Reply: We appreciated reviewer’s concerns on a potential overlapping area. However, the review paper published in International Journal of Molecular Science was on cellular and subcellular mechanisms involving mitochondria, autophagy, cell cycle and inflammation. We have accordingly highlighted our focus on telomere dysfunction and TGF-beta signalling. These highlights We have  

I would suggest to present the different types of senescence, including the VIS observed after SARS-Cov-2 infection, in a dedicated paragraph (i.e. in the introduction) and thus, remove the SARS-Cov-2 paragraph. Then, I would expunge the other types of senescence and concentrate on presenting the molecular mechanisms of replicative senescence, the associated differentiation disorders, the roles of telomere dysfunction and the interventions.

Reply: We appreciated reviewer’s advice. We have accordingly removed the section 4 of virus-induced senescence and combined the section 2 with section 1.

Specific comments :

• I would modify the title a little bit to clearly state the review focus on AEC2 replicative senescence and associated differentiation disorders.

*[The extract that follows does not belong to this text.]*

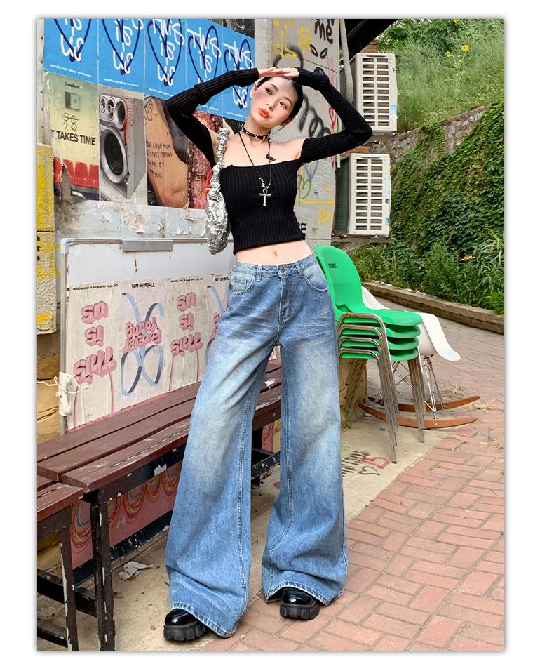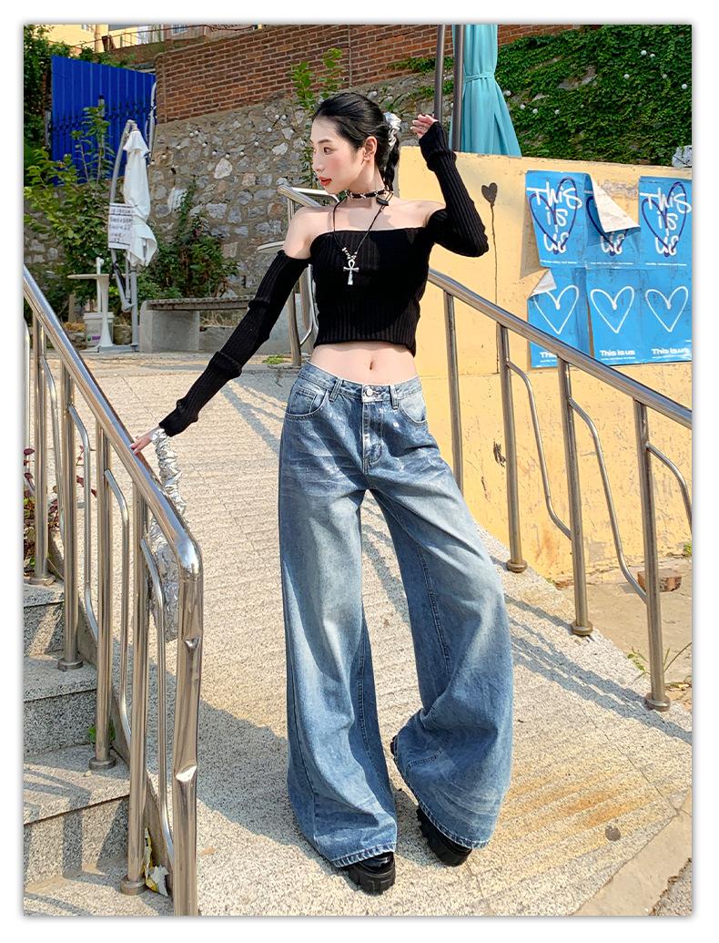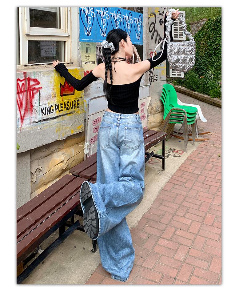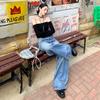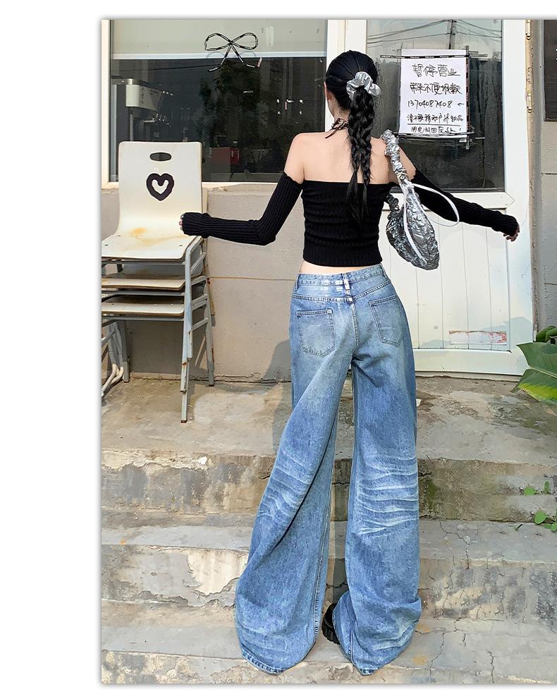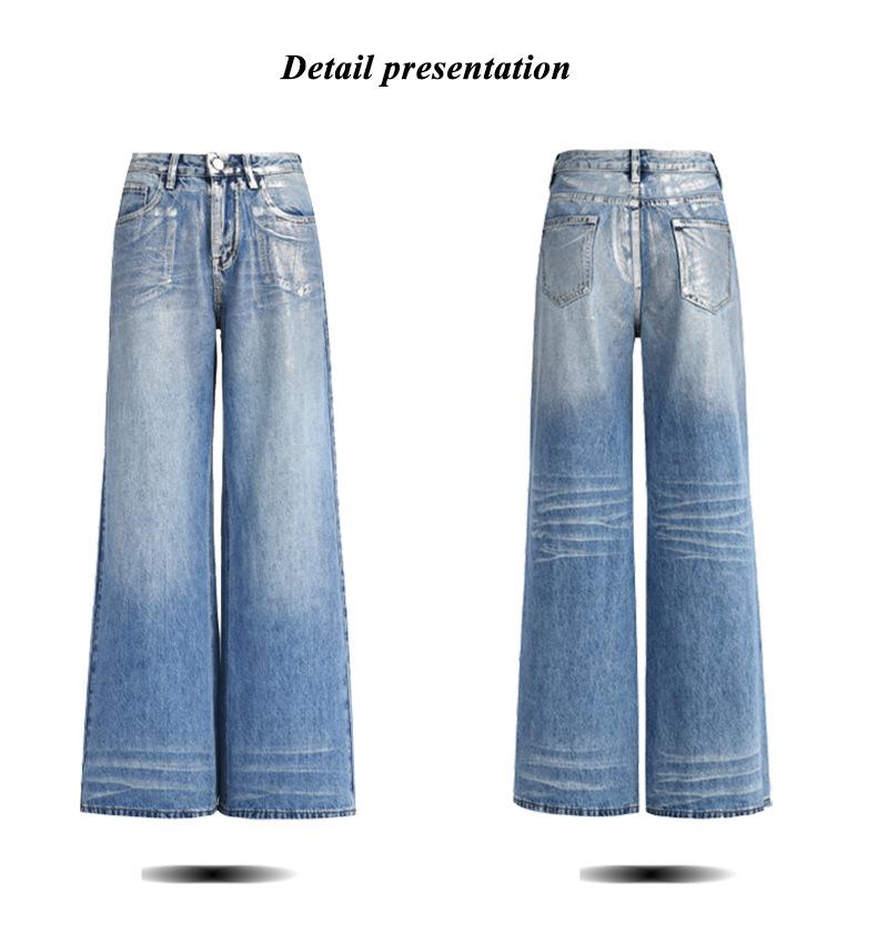 ¡24º día! Tyrande | Retro Americano Textura Plata Caliente Diseño Popular Pantalones Rectos Azules Spandex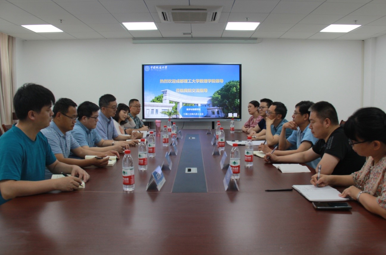 2023年6月15日下午,成都理工大学91网 副院长张传瑜、基础数学教学部主任余海洋、基础数学教学部支部书记舒畅、大学物理教学部副主任史顺平、田荣刚等一行来91网 进行工作交流。学院副院长黄刚、副院长张光勇、大学物理教学部主任陈琦丽、数学系主任王毅、大学数学教学部主任郭艳凤、物理实验中心主任何开华出席了此次会议。会议由副院长黄刚教授主持。

Reply: We appreciated reviewer’s advice. We have accordingly modified the tittle and abstract indicating our focus on AEC2 cell replicative senescence.

• Use of abbreviations which are close such as SADD, SALI make the arguments sometimes not easy to follow. If the authors could limit or simplify the abbreviations, that would enhance the readability of the review.

Reply: We appreciated reviewer’s advice. We have removed the use of SAHF and reduced the use of SALI.

• Figures are appropriate.

Reply: Thank you very much.

Round 2

Reviewer 1 Report

The manuscript has been sufficiently improved to warrant publication in Cells

Author Response

Thank you very much. Your encouragement is very much appreciated. 

We have further checked English expression grammars and done the corrections.